The Rs 4,366 crore contract for the K9 Vajra is meant to arm 18 regiments of the Indian Army, and replace the 50-year-old 105-mm Abbott.
New Delhi: Defence Minister Nirmala Sitharaman will Friday preside over the induction of the heaviest gun the country has ever had, assembled in India as part of a deal between a domestic firm and a South Korean counterpart.
In the sparse hills of Devlali near Nashik, Maharashtra, the (K9) Thunder will peal.
The K9, called the Vajra in its customised Indian version, is a tracked and self-propelled piece of artillery originally developed by Samsung for the South Korean military.
Although the Vajra looks like a tank, it is a 155-mm/52-calibre cannon mounted on tracked chassis — the millimetre figure being the size of the shell it can fire, and the calibre the length of the barrel it fires from.
By common consent, military aficionados will call the induction “the breaking of the Bofors jinx”.
The Bofors guns, with their “shoot-and-scoot” technology — the ability to fire a shell and move away from its location by up to three kilometres — were the last piece of artillery that India imported. It has been 31 years since.
Over the years, Bofors has come to be synonymous with corruption amid allegations — raked up by rivals of the Congress to this day — that the then Prime Minister Rajiv Gandhi was bribed by the Swedish gun manufacturer.
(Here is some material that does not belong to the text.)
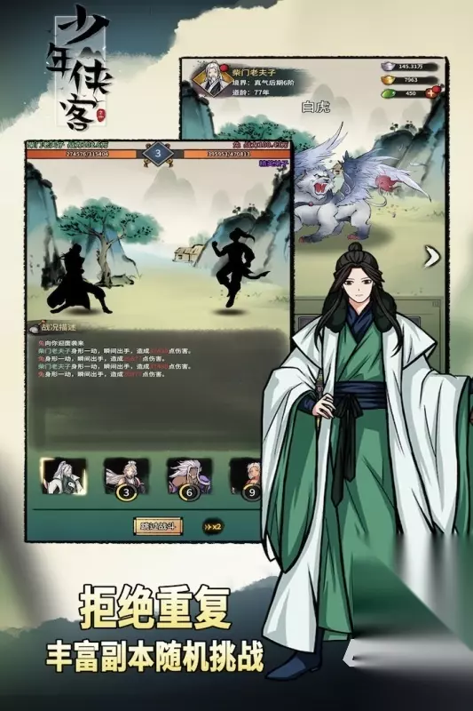 在这款游戏中有着比较纯正的玩法,游戏中的各种画面主要采用的是文字修仙的形式。所以各种内容都是比较直截了当的展示出来的,而且大家可以获取到四种不同的货币。大家可以通过系统招募的形式来进行技能的组合,而且游戏中的画面也是非常的大气,大家可以任意的来穿梭感受传统神话的魅力。 高速下载 普通下载 5、《少年侠客手游版01》

India has not been able buy heavy guns since for bureaucratic fear and political apathy.
Replacing half-a-century-old guns
The Rs 4,366 crore contract for the Vajra is meant to arm 18 regiments, and replace the 50-year-old 105-mm Abbott, which India inherited from the British in 1964.
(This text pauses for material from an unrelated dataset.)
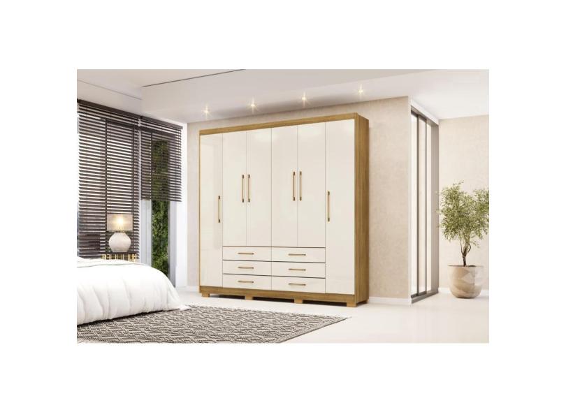 Guarda Roupa Canadá 6 Portas e 6 Gavetas - Cor Nature / Champanhe - Vila Rica

Mounted on a tank chassis, Abbott was India’s first and only self-propelled gun.
The Vajra is now being assembled — in a ‘Make in India’ initiative — by Larsen and Toubro from completely knocked-down kits (CKDs) imported from South Korea, at facilities in Talegaon, Maharashtra, and in Hazira, Gujarat.
“After 1971, till the year 2000, there was only one major field artillery induction which was 155-mm/39-calibre field howitzer 77B (Bofors),” a Defence Ministry note accessed by ThePrint says.
“It had a maximum range of 24,000 metres (24 km) with HE (high explosive ordnance) and 30,000 metres (30 km) with base bleed shells. It could fire HE, smoke and base bleed shells,” the note adds.
Base bleed shells are bombs that have fire in their bottoms while being propelled through the air.
For the armoured divisions
The K9 Vajra is meant for armoured divisions, which form a part of the Indian Army’s strike corps.
The Army has three strike corps — 1, 2 and 21 — whose mission in war is to scythe through the western border with Pakistan. A fourth strike corps, 17, is limping. It is headquartered near Ranchi and tasked with duties in the mountains near the China frontier.
Along with the K9 Vajra, the Army will also induct at the Devlali Artillery ranges Friday the M777 ultra light howitzers.
These 155-mm/39-calibre guns can be airlifted, underslung from the Chinook helicopters (that the IAF has contracted), or stuffed into the C130J Hercules transporters that are in the IAF fleet.
Tow trucks to carry the artillery pieces are part of the package.
The Indian Army had a Field Artillery Rationalisation Plan (FARP) to give itself firepower, a weak area for India in the 1999 Kargil War despite the Bofors.
“In the 21st century, artillery once again pushed for modernisation,” says the ministry note.
In the plan now, the Indian Army is looking at a firepower field that will be new by 2022. The K9 Vajra (Thunder) is part of that plan. The other pieces of fire-spitting artillery are an upgunned 155-mm/45-calibre Soltam (Israel origin), a 155-mm/45-calibre Dhanush that is being derived from hitherto archived technology-transfer documents from the Swedish maker of Bofors, and another gun of the same measurements to be made by the Ordnance Factory Board.
It is the K9 Vajra (Thunder), however, that will be the mainstay. A regiment of artillery has about 20 guns. So far, a piece of artillery needed a seven-member crew. Inside the Vajra, its three-member crew will be told on computer screens where, how and what to fire.